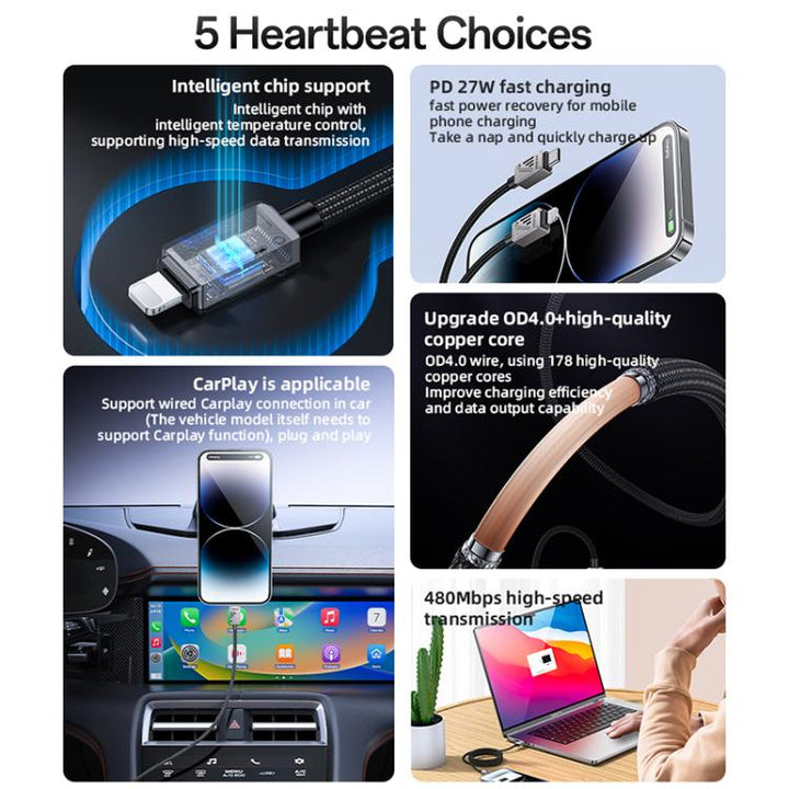 Made from nylon braided cable + TPE + aluminum alloy for maximum strength and flexibility.
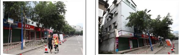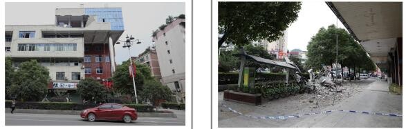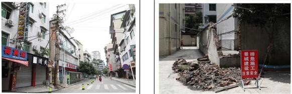 巡场镇滨河西路南一段民泰路口(珙县民政局)房屋受损场面
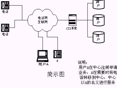 該業(yè)務方法涉及一種用戶電話轉(zhuǎn)移到CTI(Computer Telephony Integration)語音服務系統(tǒng)的接續(xù)服務方法,其CTI系統(tǒng)通過接口連接于公用電話網(wǎng),用戶在CTI系統(tǒng)登記,選擇服務功能,相關(guān)信息存入數(shù)據(jù)庫,用戶電話設置轉(zhuǎn)移;當客戶呼叫已轉(zhuǎn)移用戶電話時,自動接入CTI語音系統(tǒng),請求相關(guān)信息,對信息進行分析判斷、處理,查詢數(shù)據(jù)庫用戶信息,以用戶名義進行接續(xù)服務。其完全避免了傳統(tǒng)CTI系統(tǒng)的專用特服號碼服務的弊端,充分利用了交換機的功能,以用戶的電話號碼為客戶提供語音、傳真、數(shù)據(jù)及人工接續(xù)服務。
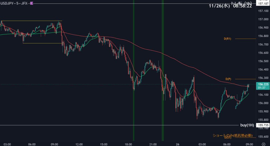 155.735を割れて1分足200EMAを割れない限りはショート方向に狙っていきましょう。
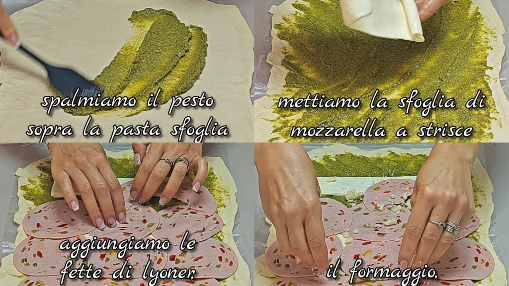 Smeer de pesto op het bladerdeeg, leg er de mozzarella in reepjes, de plakjes Lyoner en de kaas op.
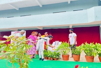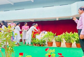 The yoga session that followed was conducted by Mrs. Vamsi Priyanka, PET and Yoga instructor of our school. It included a series of warm up exercises, loosening exercises, standing and sitting asanas and pranayama. Each posture was demonstrated with clarity allowing the participants to experience the harmony of movement and breath. The session culminated with a short period of relaxation and meditation, fostering a sense of inner calm and focus.

# # # # # # #

Return every entry exactly, dropping the pictures.

 Made from nylon braided cable + TPE + aluminum alloy for maximum strength and flexibility.
 巡场镇滨河西路南一段民泰路口(珙县民政局)房屋受损场面
 該業(yè)務方法涉及一種用戶電話轉(zhuǎn)移到CTI(Computer Telephony Integration)語音服務系統(tǒng)的接續(xù)服務方法,其CTI系統(tǒng)通過接口連接于公用電話網(wǎng),用戶在CTI系統(tǒng)登記,選擇服務功能,相關(guān)信息存入數(shù)據(jù)庫,用戶電話設置轉(zhuǎn)移;當客戶呼叫已轉(zhuǎn)移用戶電話時,自動接入CTI語音系統(tǒng),請求相關(guān)信息,對信息進行分析判斷、處理,查詢數(shù)據(jù)庫用戶信息,以用戶名義進行接續(xù)服務。其完全避免了傳統(tǒng)CTI系統(tǒng)的專用特服號碼服務的弊端,充分利用了交換機的功能,以用戶的電話號碼為客戶提供語音、傳真、數(shù)據(jù)及人工接續(xù)服務。
 155.735を割れて1分足200EMAを割れない限りはショート方向に狙っていきましょう。
 Smeer de pesto op het bladerdeeg, leg er de mozzarella in reepjes, de plakjes Lyoner en de kaas op.
 The yoga session that followed was conducted by Mrs. Vamsi Priyanka, PET and Yoga instructor of our school. It included a series of warm up exercises, loosening exercises, standing and sitting asanas and pranayama. Each posture was demonstrated with clarity allowing the participants to experience the harmony of movement and breath. The session culminated with a short period of relaxation and meditation, fostering a sense of inner calm and focus.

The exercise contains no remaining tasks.